The data
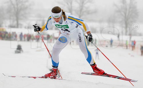 : Anna Hansson of Sweden skiing during Junior Women qualification for FIS Nordic Junior Ski World Championships Sprint race were held in Medvode, Slovenia. First 32 skiers qualified for afternoon finals.
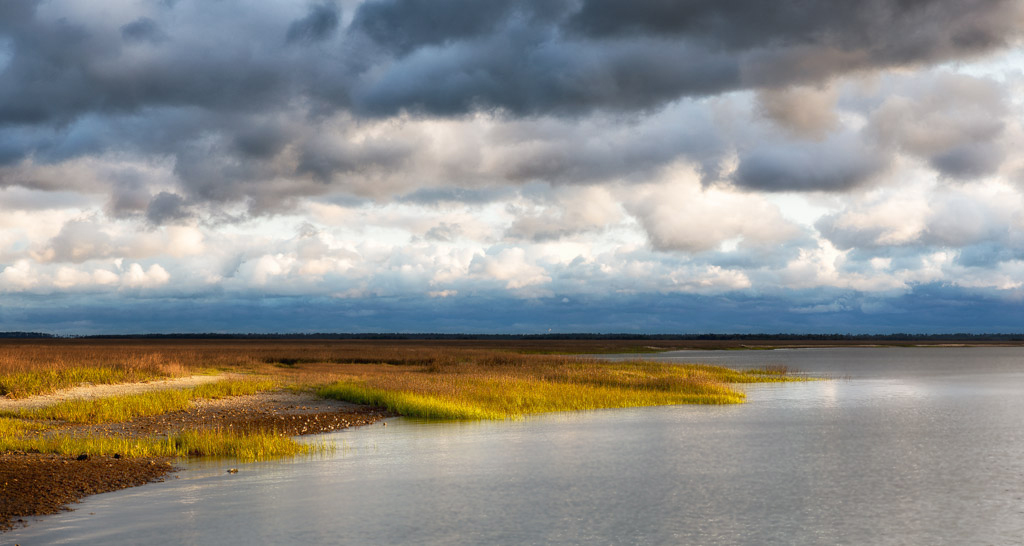 This is very pretty image. Great colors. I like they way the sun is illuminating the grass. I flipped the image to see what it would look like. We read from left to right.... so when I look at this image I start from the left. I also dodged in the left corner to take the water out of the shadows. |
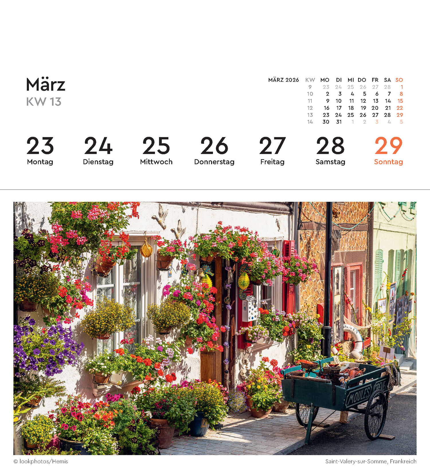Woche um Woche begleitet dieser KUNTH Postkartenkalender Aufgeblüht 2026 mit atemberaubenden Bildern durch das Jahr auf dem Schreibtisch oder als Hingucker an der Wand. Die Postkarten zum Herauslösen können dann als Gruß versendet werden. Wenn im Frühling ein...

Required work
Copy the listing over exactly, skipping the pictures it holds.

Task answer
 : Anna Hansson of Sweden skiing during Junior Women qualification for FIS Nordic Junior Ski World Championships Sprint race were held in Medvode, Slovenia. First 32 skiers qualified for afternoon finals.
 This is very pretty image. Great colors. I like they way the sun is illuminating the grass. I flipped the image to see what it would look like. We read from left to right.... so when I look at this image I start from the left. I also dodged in the left corner to take the water out of the shadows. |
Woche um Woche begleitet dieser KUNTH Postkartenkalender Aufgeblüht 2026 mit atemberaubenden Bildern durch das Jahr auf dem Schreibtisch oder als Hingucker an der Wand. Die Postkarten zum Herauslösen können dann als Gruß versendet werden. Wenn im Frühling ein...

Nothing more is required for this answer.